In other words, if any reserved bit in the PDE or PTE is 1, a page fault will occur. This does not occur when CR4.PSE=0, but does when PSEs are enabled (CR4.PSE=1). Every bit in CR4 enables a behavioral extension to the Intel 486 processor. In essence, CR4 bits enable/disable incompatibilities with the Intel 486. Therefore, it is a natural extension of enabling 4-MB pages to enable more rigorous type checking of the PDE and PTE. Unfortunately, even then, the aforementioned reference isn't completely accurate. Setting some reserved bits does generate an exception, while setting others does not. This behavior contradicts the Intel documentation. If the Pentium was originally intended to behave as documented, then the documentation didn't get modified to accurately reflect the correct behavior when relaxed type checking for reserved bits was implemented. Table 1 shows all of the Pentium paging structures. All positions in the PDE and PTE marked as reserved will generate a page-fault exception when CR4.PSE=1. All positions in CR3, the PDE, and PTE marked as "0" are reserved, but don't generate a page fault when CR4.PSE=1. Table 2 describes the meaning of all of the fields listed in Table 1.

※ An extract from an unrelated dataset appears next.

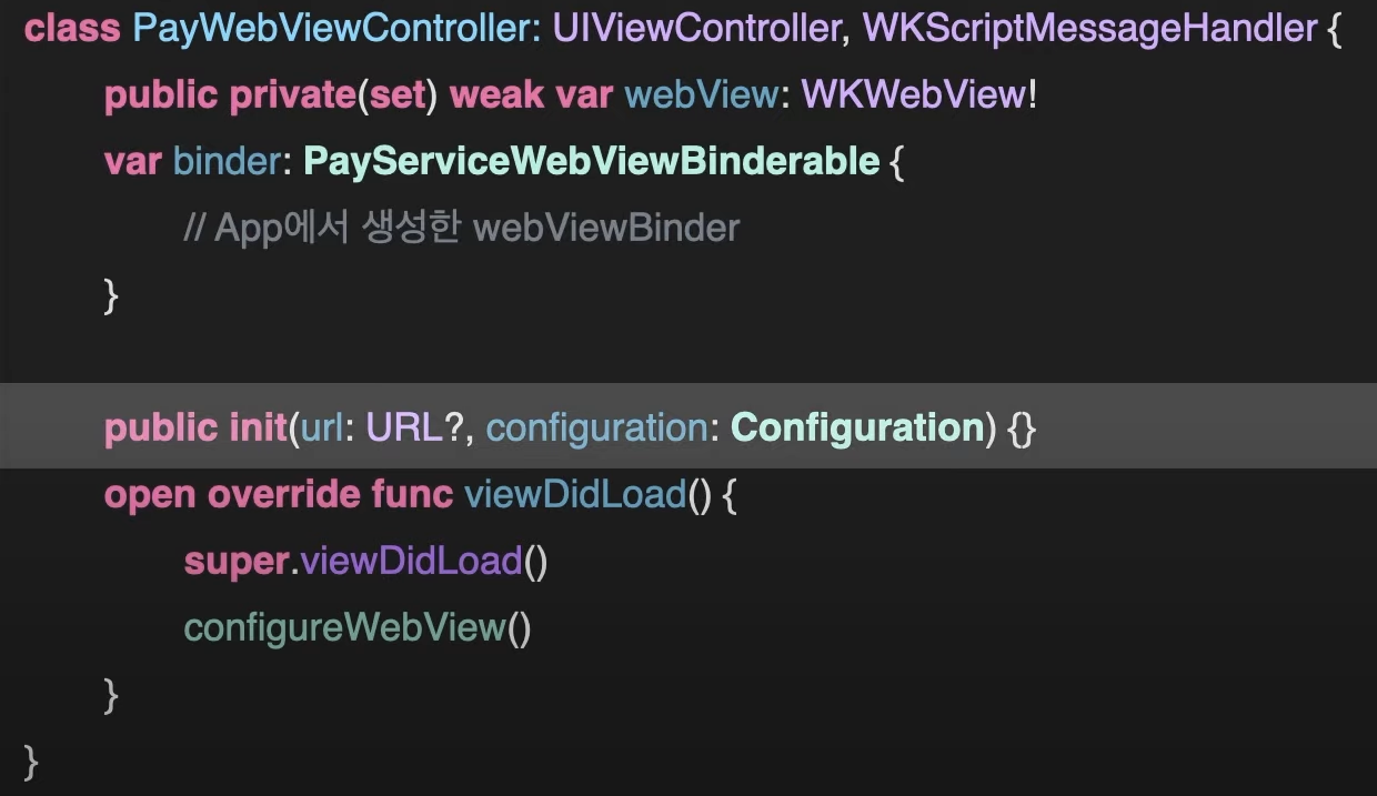 - 웹뷰 UI 설정 값을 Configuration으로 받아 WebViewController객체 생성

It might be tempting to believe that the "page-directory pointer" is another name for the CR3 register. This assumption would be incorrect. Actually, the mention of the page-directory pointer is a mistake. This refers to a paging structure for a new paging feature that was to be implemented in the Pentium. This new paging feature was allegedly implemented in beta silicon, but removed before production, and now appears in the Pentium Pro. I'll discuss this in my next column.
The Intel documentation also doesn't tell the whole story of the error code generated by page faults. When CR4.PSE=1, and a 1 is detected in a reserved-bit position of the PDE or PTE, the page-fault error code indicates that an attempt was made to set a reserved bit in a paging structure. This indication is reflected in bit 3 of the page-fault error code. If set to 1, then an attempt was made to set a reserved bit in the PDE or PTE. In Figure 14-7 of the Pentium Processor Family Developer's Manual, Volume 3, 1993 edition, this behavior was correctly documented, but it was removed in subsequent editions. Table 3 shows an accurate representation of the page-fault error code, as shown in the 1993 edition of the Pentium manual.
According to the 1995 edition of the Pentium user's manual, the Pentium has one code TLB and two data TLBs (Pentium Processor Family Developer's Manual, Volume 1, 1995 edition, section 33.2.1.2). The data TLBs consist of a 64-entry TLB for 4-KB page translations, and an 8-entry TLB for 4-MB page translation. The code TLB is a single 32-entry TLB which is shared by 4-KB and 4-MB page translations. The 4-MB code pages are cached in multiples of 4 KB. When the Pentium caches a 4-MB code page in the TLB, it initially uses only a single TLB entry. A code access beyond the initial 4 KB of memory associated with this TLB accesses the PDE as if it were a 4-KB page, and is given its own TLB entry.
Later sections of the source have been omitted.